Вестники помолчали, вглядываясь в темное небо, и Юли продолжила:
– Кошка тем временем зарылась мордой в мокрый снег, только бы не взглянуть случайно на манящую ледяную гладь. Долгие годы жила она в доме шамана, сердцем чуя, что настанет день, когда рыбья косточка выберет того, кто окажется наделенным силой. Ведь если искать солнце, не отрывая глаз от горизонта, то дважды в сутки непременно встретишь его там. Мальчишка не был тем самым. Он был трусом и лгуном, лентяем и прохиндеем. Но мальчик имел доброе сердце, даже в голодные дни он делился с кошкой едой, поглаживая пальцами ее линялый мех. Жаль, что именно он отправился к ледяному пауку, – но не погибать же теперь ей вместе с таким болваном! Между тем шаман протяжно застонал, сквозь морок чувствуя, как покидают его силы. Кошка отдала бы собственный хвост, только бы не слышать этого стона, она подняла голову из снега и поглядела на скорченную фигуру, к которой из глубины льда уже тянулись блестящие хоботки. И тогда кошка посмотрела в зеркальную гладь, зная уже, что увидит там этот самый миг, как главный, да что там, единственный ее кошачий грех…
Костер почти догорел, слабые блики освещали стены пещеры. Крылатые молчали, усевшись плотнее, почти соприкасаясь плечами. Тишина давила все сильнее, а затянувшееся ожидание и вовсе выбивало дух, потому Юли не решилась прерваться, хотя чувствовала себя обессиленной после долгого дневного пути и этой нескончаемой ночи у огня.
– И тогда кошка, решив все в единый миг, бросилась к ледяному покрову, туда, где паук подобрался на самый верх, сотрясаемый жаждой выпить шамана досуха. Парень уже обессиленно распластался на льду, его руки мелко подрагивали, и это было единственным движением тающего тела. Паук выпивал его душу и оболочку, чтобы шаман исчез, иссяк вслед за родником молодой силы, что стучал в его сердце. Кошка пронзительно вскрикнула и бросилась на льдистую корку своей мягкой серой грудкой. Раздался треск, по зеркалу расползлись бессчетные змейки трещин, горячая кошачья кровь пролилась на лед, и тот стал таять с пронзительным шипением. Паук задергался, пытаясь ускользнуть в глубь замерзшего озера, но из последних сил кошка вцепилась в него когтями. Тварь заметалась еще сильнее, утягивая ее за собой. И в тот миг, когда ледяная толща почти поглотила кошку, шаман поднялся на дрожащих ногах, взмахнул кинжалом из рыбьей кости и воткнул его в округлое брюхо ледяного паука. Земля задрожала, лед, трескаясь и завывая, рассыпался тысячью тысяч капель. Шаман провалился в холодную воду, и мир тут же потух перед
– Помню, я расплакалась, когда услышала эту сказку в первый раз, – задумчиво проговорила Сильвия. – А Фета протянула мне засахаренный корешок и утерла слезы своим передником.
– Да, у нее были самые сладкие корешки припрятаны, – заметил Сэм.
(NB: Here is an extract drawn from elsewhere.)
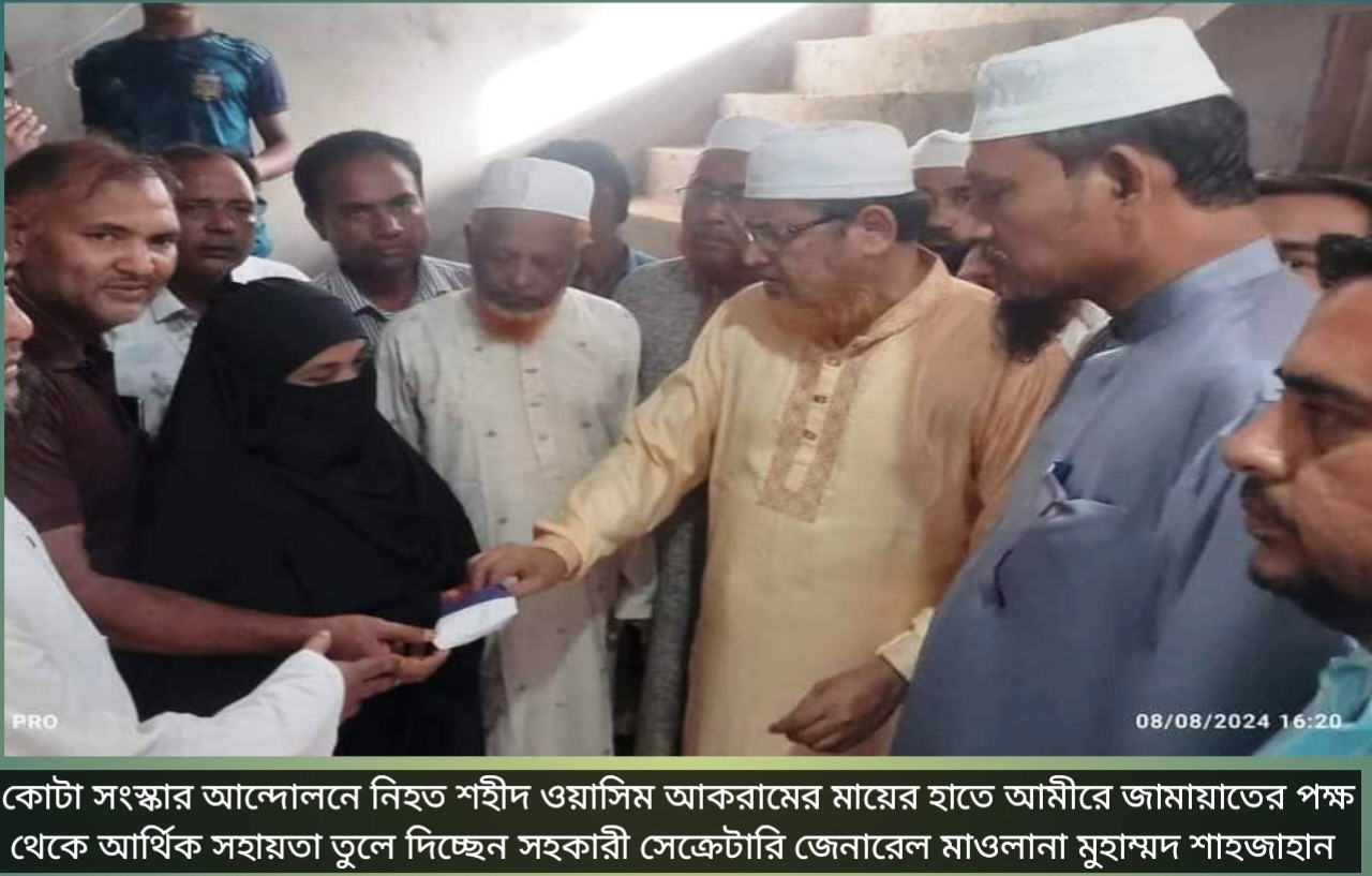 কোটা আন্দোলনে নিহত ওয়াসিমের পরিবারকে জামায়াতের আর্থিক সহায়তা

– И лепешки… такие, чтобы тянулись и пахли травками, – улыбнулась Гвен.
Юли прислушивалась к словам Крылатых о старой Фете, и у нее теплело на сердце, девочке было приятно знать, что бабушку помнит не только она, что кто-то еще любит и хранит в памяти ее облик, не подвластный серебряному пламени.
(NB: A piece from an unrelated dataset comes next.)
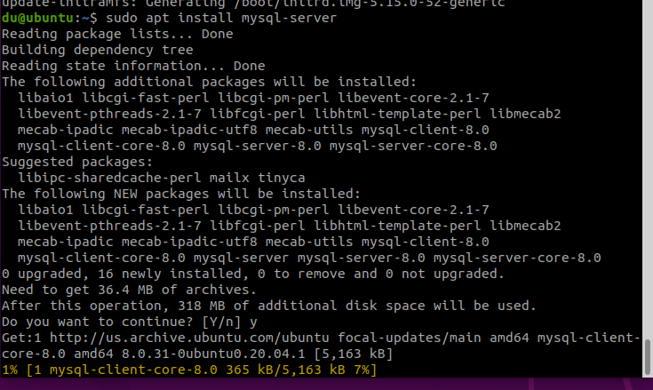 $ sudo apt install mysql-server

– Когда шаман очнулся, то открыл глаза и увидел безбрежное голубое небо над собой. Яркое солнце слепило его, согревая щеки и лоб. Где-то в отдалении подала голос птица, вначале несмело, но после того, как ей ответили другие птичьи голоса, она запела, приветствуя новую весну. Снег таял. Шаман огляделся и увидел, что проснувшиеся воды озера вынесли его на берег, оставив лежать на песке, еще помнящем холод снежной ночи. У ног шамана мягким комком лежала серая кошка, рассеченная об лед. Кровь еще багрила ее светлый мех. Шаман вытянул руку, чтобы погладить свою спасительницу. Но кошка вздрогнула и обернулась птицей с ярко-алой грудкой. Она взглянула на молодого парня, чирикнула что-то ему на прощание и упорхнула в небеса. Шаман вздохнул, поднялся и отправился в обратный путь, больше не желая быть шаманом. А от паука не осталось ничего, даже воспоминания, потому что мир не любит прогнившее и покоит его в себе, чтобы на месте этой гнили выросла свежая трава.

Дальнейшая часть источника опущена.